Newbie here, hello people.

Ok heres my story. I been with my boyfriend for 2 years and we get on fine , no arguments BUT he does not pay me much attention, hardly any at all. I am starting to feel lonely, resentful towards him and seriously bored with this relationship, i also think my feelings are slowly drifting away. He is a serious xbox 360 addict and has been for years even before i met him but if i had of known it was going to be like this i wouldnt even bother.
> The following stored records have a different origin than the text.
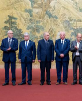
وفود : وزير الخارجية الصيني يتوسط وفود الفصائل الفلسطينية الوحدة إن (بلاده ليست لديها مصلحة ذاتية في ما يتعلق بالقضية الفلسطينية). مؤكداً إن (الصين كانت من اوليات الدول التي تعترف بالمشهد الفلسطيني التي تعترف بمظلمة التحرير الفلسطينية ودولة فلسطين، وانها تدعم دائما الشعب الفلسطيني في استعادة حقوقه الوطنية المشروعة). مبيناً إن (الصين تقترح نهجاً من ثلاث خطوات من أجل الخروج من مازق الصراع الحالي). وأوضح وانغ يي ان (الخطوة الاولى هي تعزيز وقف إطلاق نار شامل ودائم ومستدام في قطاع غزة والصين، بعد وساطتها الناجحة لوصول المساعدات الإنسانية

مؤقتة تحظى بإجماع وطني لإدارة غزة والضفة الغربية بشكل فعال، ومضى وانغ يي إلى القول إن (الخطوة الثالثة تضمنت دعم فلسطين لتصبح عضواً كاملاً للعضوية في الأمم المتحدة والبدء في تنفيذ حل الدولتين). مشيداً على (عقد مؤتمر سلام دولي أكثر أهمية وأكثر الزامية وفعالية، فضلاً عن وضع جدول زمني وخارطة طريق لتحقيق ذلك). لافتاً إلى إن (وقف إطلاق النار وتوفير الإغاثة الإنسانية باتيان على رأس الاولويات). ووجد تأكيد إن (الفلسطينيين يحكمون فلسطين، هو المبدأ الأساسي لإعادة اعمار غزة بعد الحرب، وان حل دولتين هو السبيل الأساسي إلى المستقبل). وأشار إلى إنه (يجب على المجتمع الدولي أن يدعم الأطراف المعنية في تنفيذ النهج المؤلف من ثلاث خطوات عبر تدني موقف جاد، وارتفعت حصيلة الشهداء في غزة إلى 39 الفا و 145 شهيداً. وقالت بيان لوزارة الصحة الفلسطينية أمس إنه (تم 55 شهيداً نقل إلى المستشفيات خلال الساعات الماضية). وأضافت إن (اجمالي عدد الجرحى يبلغ 90 الفاً و 257 إصابة منذ السابع من تشرين الأول الماضي).
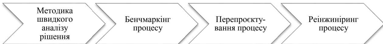
Рис. 1. Підходи до покращення бізнес-процесів на підприємстві

Концепція покращення бізнес-процесів ґрунтується на чотирьох підходах (рис. 1).
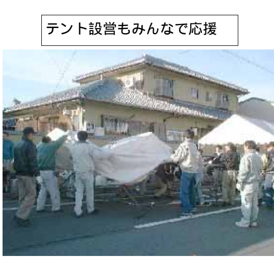
テント設営もみんなで応援
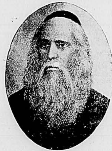
(דון יצחק אברבנאל)

Gdzie z jedno słowo o obowiązkach względem czynnego, wręczego działalnością życia? — Wreszcie —
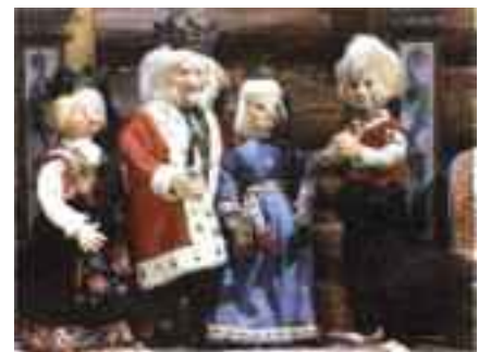
UØNSKET SVIGERSONN: Kongen er ikke begeistret over å få Askeladden på besøk.
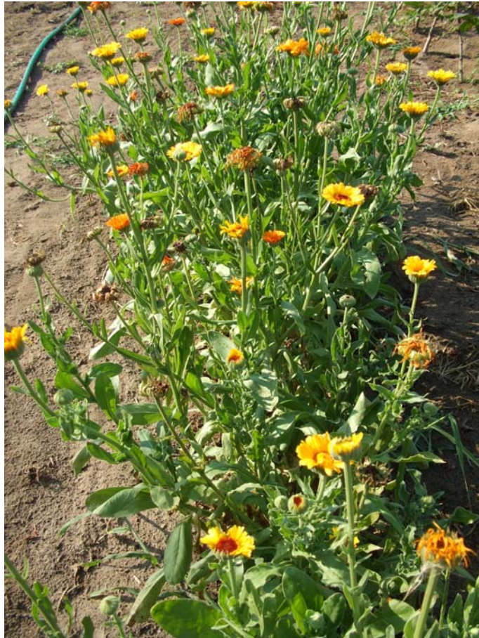
3. ábra. Calendula officinalis (kerti körömvirág)
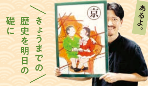
でかいかるたも あるよ。 きょうまでの 歴史を明日の 礎に

瀬谷の歴史を知るとは、 瀬谷に住む自分を知ることでもある。 郷土瀬谷への愛着や理解を深め、 私たちの歴史を築こうではありませんか。 （京の札解説より抜粋）
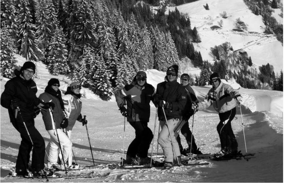
Auf der „Schwarzen 14“ – die Piste nur für uns ...

He does not work, does not even try to look for work often, sleeps in till the afternoon, goes to bed at ridiculous times in the early hours. I have been job hunting, and applied for college aswell just waiting to hear back from them by post. I forgot to mention we live together. He does make an effort maybe once every 3 weeks but its not enough he will be on his xbox from the moment he wakes up to the moment he goes to sleep, his friends come along to join him aswell and they just sit around all day and night playing games and I dont get even spoken to it is like i am invisible. Trying to find a new place to live but keep thinking should i really move to the same area or is it just a waste of time and move to another area we wouldnt be miles away but i still feel maybe its a waste of time moving close because i think what if i leave him i dont like change i dont like bumping into ex's i just want to be far away from them which would mean moving again and that takes time. i have someone who has offered a property swap with me but thats like 3 minutes away from where my boyfriend lives. un sure of what to do but i know one thing i am getting seriously fed up and depressed. feel so sad. even when he wakes up he doesnt give me a hug in bed anymore he just gets up and goes straight to xbox. he smokes weed aswell

Thanks for reading, sorry it's a long story had to get it all out though.

Last edited by cryingforever; 01-06-2011 at 10:09 PM.